И этот, о, вечный сумрак! Никак не связанный с ночью или тенью, он присутствовал почти всегда, приглушенный, полный падающих дождевых капель. Из-за него объекты и события словно сгущались, потому что солнце расширяет пространство и все, что в нем находится: вот один из таких объектов, отец семейства, складывает покупки в багажник автомобиля возле Стёлеторгет, пока мать усаживает детей на заднее сиденье и сама садится вперед, перекидывает через плечо ремень и защелкивает крепление; одно дело – наблюдать за этим, когда светит солнце и небо светлое и просторное, тогда все движения происходят мгновенно и тотчас пропадают из вида, а другое дело – смотреть на ту же семью во время дождя, окутанную приглушенным сумраком, когда движения делаются тяжеловесными, люди словно превращаются в статуи, замкнутые внутри мгновения, которое в следующий момент, несмотря ни на что, покидают. Мусорные баки возле крыльца: одно дело, когда светит солнце, тогда они практически исчезают, как исчезает и остальное, и совсем другое – дождливым сумрачным днем, тогда они блестят серебром, некоторые – торжествующе, другие – печально и скорбно, но все присутствуют, здесь и сейчас.

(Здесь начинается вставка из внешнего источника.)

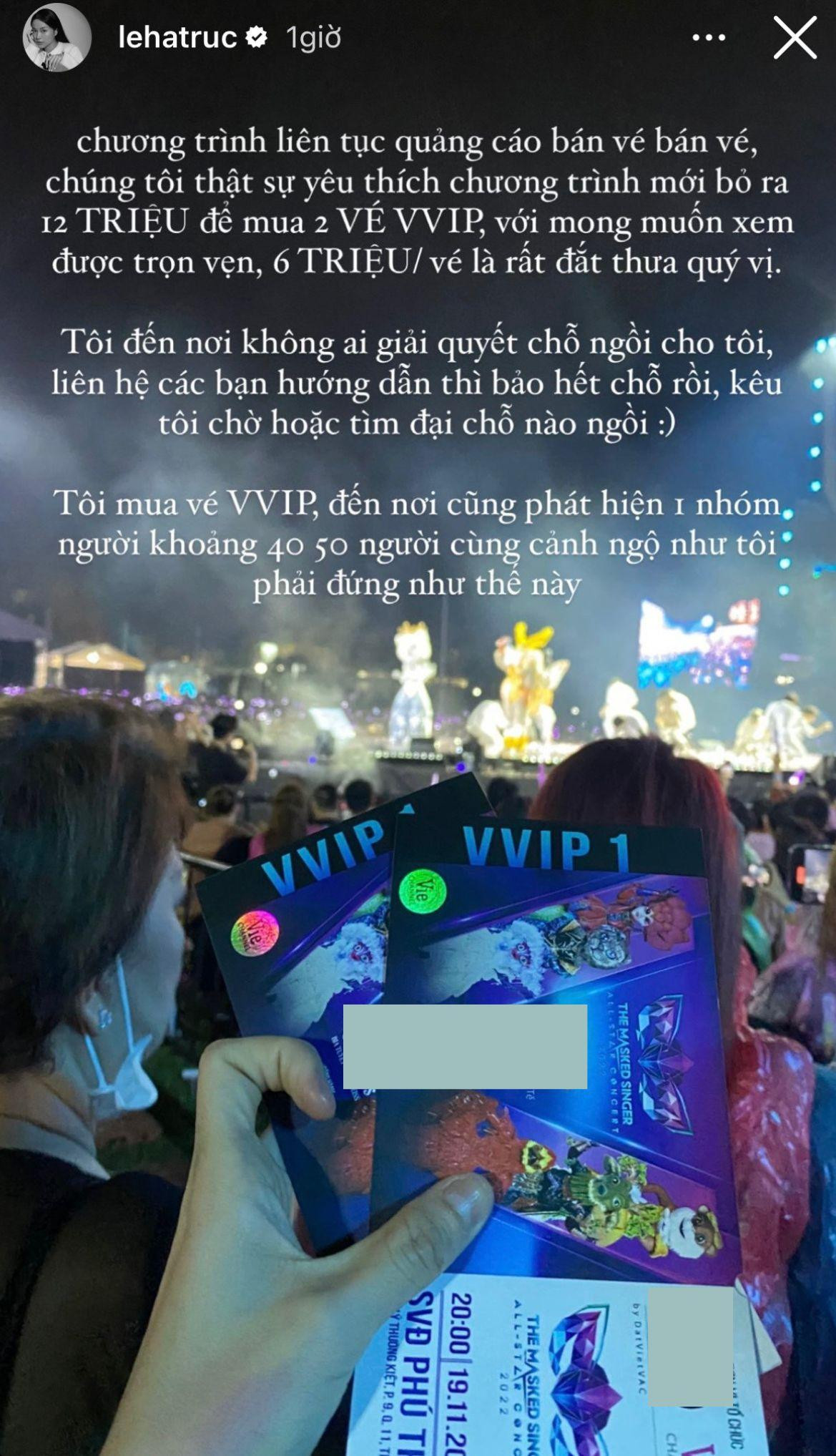 Tuy nhiên, ngay khi đêm concert bắt đầu diễn ra, blogger Lê Hà Trúc cùng bạn trai là cơ trưởng Quang Đạt đã có những chia sẻ bức xúc trên tài khoản mạng xã hội cá nhân về khâu tổ chức của Ca Sĩ Mặt Nạ. Cụ thể, người đẹp 9X khẳng định cô và bạn trai đã chi 12 triệu đồng để sở hữu cặp vé VVIP. Theo thông tin từ Ban tổ chức, khán giả sở hữu vé VVIP sẽ được bố trí khu vực ngồi riêng, sát sân khấu.

Берген, да. Невероятная сила, заключенная в разномастных фасадах тесно составленных домов. Дух захватывает, когда видишь их, взобравшись на один из холмов.

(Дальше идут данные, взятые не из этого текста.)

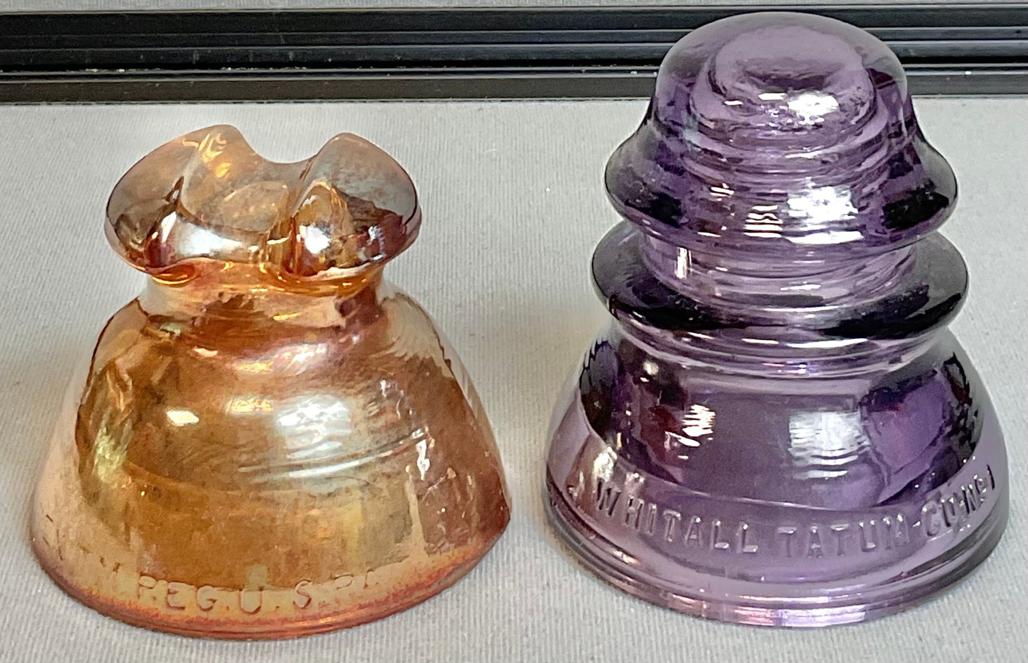 Vintage Pyrex Carnival Glass & Whitall Tatum Purple Glass - Insulators - carnival glass 3.25” tall - purple glass 4.25” tall - no chips - good used condition

Но мне доставляло радость и, пройдясь по городу, запереться у себя в квартирке, – она была словно глаз бури, где я чувствовал себя защищенным от чужих взглядов, – единственное место, где я обретал покой. Тем вечером у меня кончился табак, но последние несколько дней я предусмотрительно не выкидывал старые окурки. Включив кофеварку, я достал из ящика ножницы и обрезал обгоревшие концы. Затем надорвал бумагу и ссыпал старую, пересохшую табачную крошку обратно в упаковку, так что в конце концов она наполнилась почти наполовину. Пальцы у меня потемнели и провоняли куревом, я ополоснул их над раковиной, отрезал кусок сырой картофелины и сунул его в пачку с табаком – вскоре табак заберет влагу и станет лучше свежего.

* * *

Вечером я вышел к телефонной будке и позвонил Ингвиль. Трубку снова снял мужчина. Ингвиль, да, подождите минутку, сейчас посмотрю, дома ли она. Я ждал, дрожа. Шаги в трубке, потом кто-то поднес ее к уху.

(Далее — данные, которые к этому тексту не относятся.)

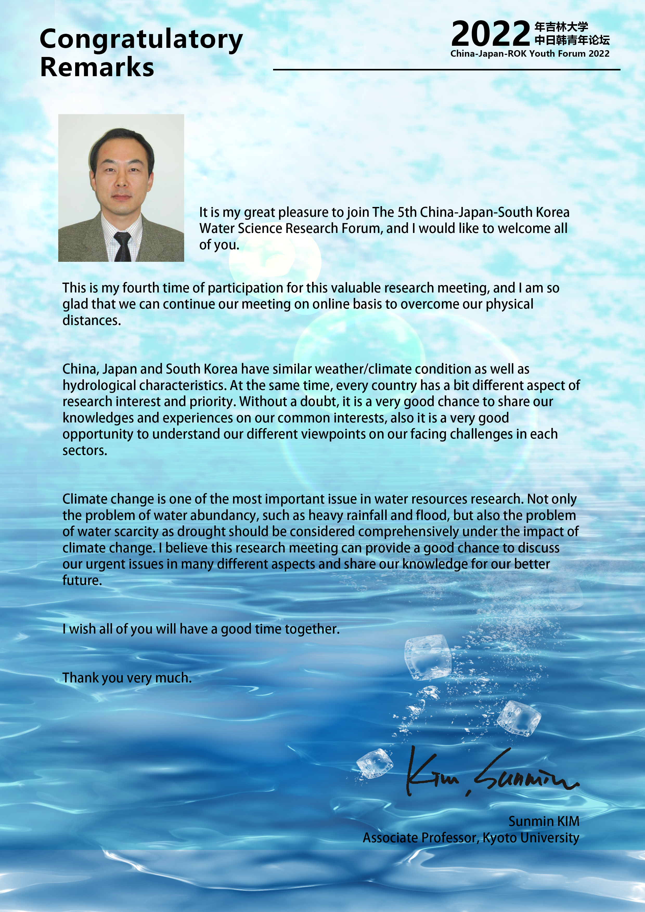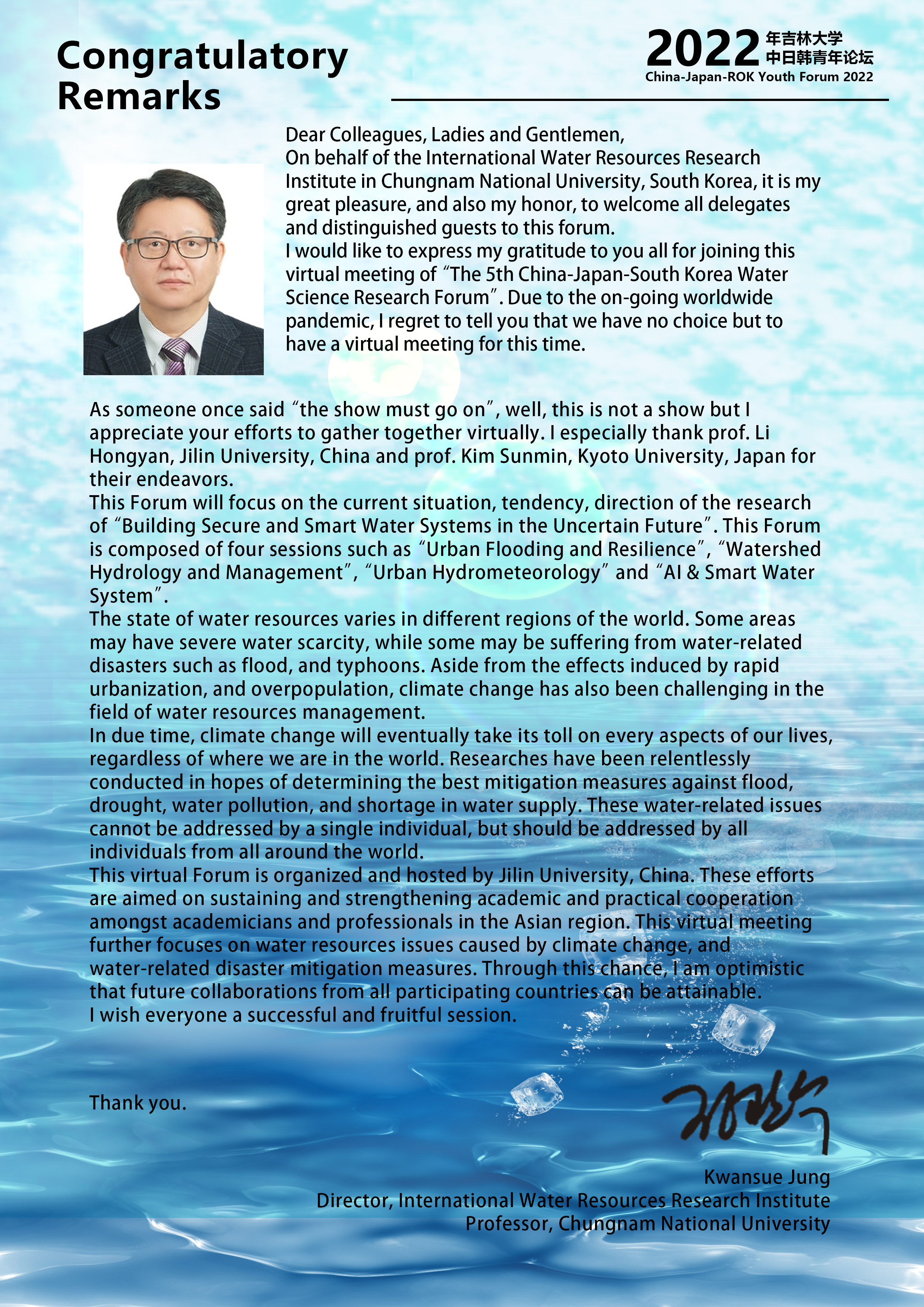 由伟德bv国际体育主办,韩国忠南国立大学、日本京都大学协办的第五届中日韩水科学研究论坛将于2022年11月19—20日以线上会议方式召开,围绕伟德bv国际体育“中日韩青年论坛”,以“Building Secure and Smart Water Systems in the Uncertain Future”为主题,聚焦专业前沿性问题,为变化环境下水资源合理开发利用和保护提供对策。

– Алло? – сказала она. Голос звучал печальнее, чем мне запомнилось.

– Алло, – ответил я, – это Карл Уве.

– Привет! – сказала она.

– Привет. Как дела? Ты давно приехала?

– Нет, в понедельник.

– А я уже недели две здесь, – сказал я.

Повисло молчание.

– Мы вроде хотели встретиться, – снова заговорил я, – если ты не передумала, может, в субботу?

– Да, в субботу я совершенно свободна. – Она засмеялась.